> **To do**
Return the lines below exactly, from the first line to the line that contains "設(shè)計(jì)師以維". Leave out pictures.

╭─ Record set

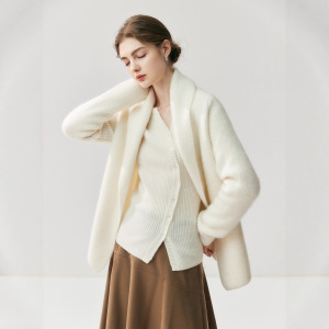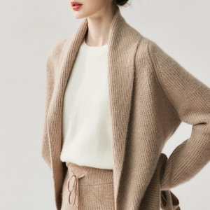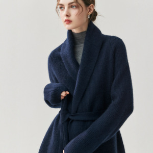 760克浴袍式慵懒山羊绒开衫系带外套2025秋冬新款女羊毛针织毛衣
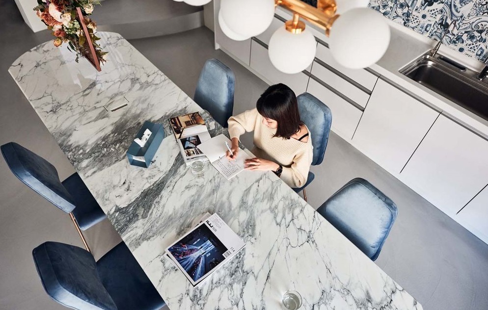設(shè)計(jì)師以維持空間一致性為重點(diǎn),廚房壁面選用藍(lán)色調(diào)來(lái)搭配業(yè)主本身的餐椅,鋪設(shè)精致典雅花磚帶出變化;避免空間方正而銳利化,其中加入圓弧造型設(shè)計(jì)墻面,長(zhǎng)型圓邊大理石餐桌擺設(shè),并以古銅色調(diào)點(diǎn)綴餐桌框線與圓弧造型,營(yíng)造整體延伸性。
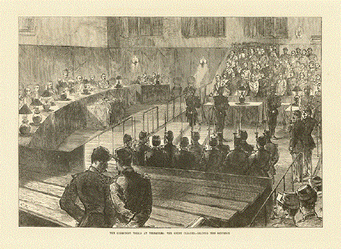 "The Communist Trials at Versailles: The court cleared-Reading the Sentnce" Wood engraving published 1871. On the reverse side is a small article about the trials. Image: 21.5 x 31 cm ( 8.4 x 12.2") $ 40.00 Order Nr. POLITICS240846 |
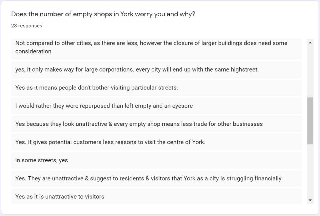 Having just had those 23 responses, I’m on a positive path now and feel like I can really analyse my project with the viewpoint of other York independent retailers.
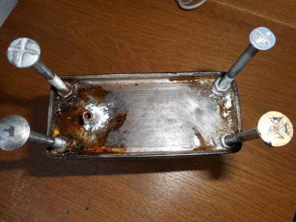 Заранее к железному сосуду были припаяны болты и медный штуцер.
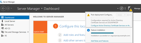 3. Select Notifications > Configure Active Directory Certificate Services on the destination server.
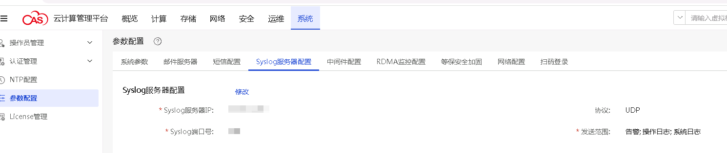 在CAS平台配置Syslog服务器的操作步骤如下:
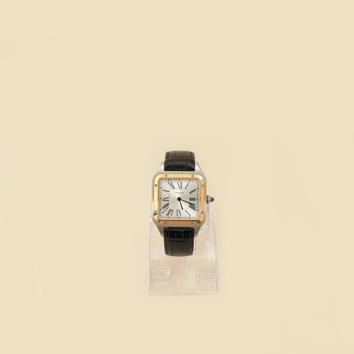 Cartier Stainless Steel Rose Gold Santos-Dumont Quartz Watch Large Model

╰─

> **Task solution**
 760克浴袍式慵懒山羊绒开衫系带外套2025秋冬新款女羊毛针织毛衣
設(shè)計(jì)師以維持空間一致性為重點(diǎn),廚房壁面選用藍(lán)色調(diào)來(lái)搭配業(yè)主本身的餐椅,鋪設(shè)精致典雅花磚帶出變化;避免空間方正而銳利化,其中加入圓弧造型設(shè)計(jì)墻面,長(zhǎng)型圓邊大理石餐桌擺設(shè),并以古銅色調(diào)點(diǎn)綴餐桌框線與圓弧造型,營(yíng)造整體延伸性。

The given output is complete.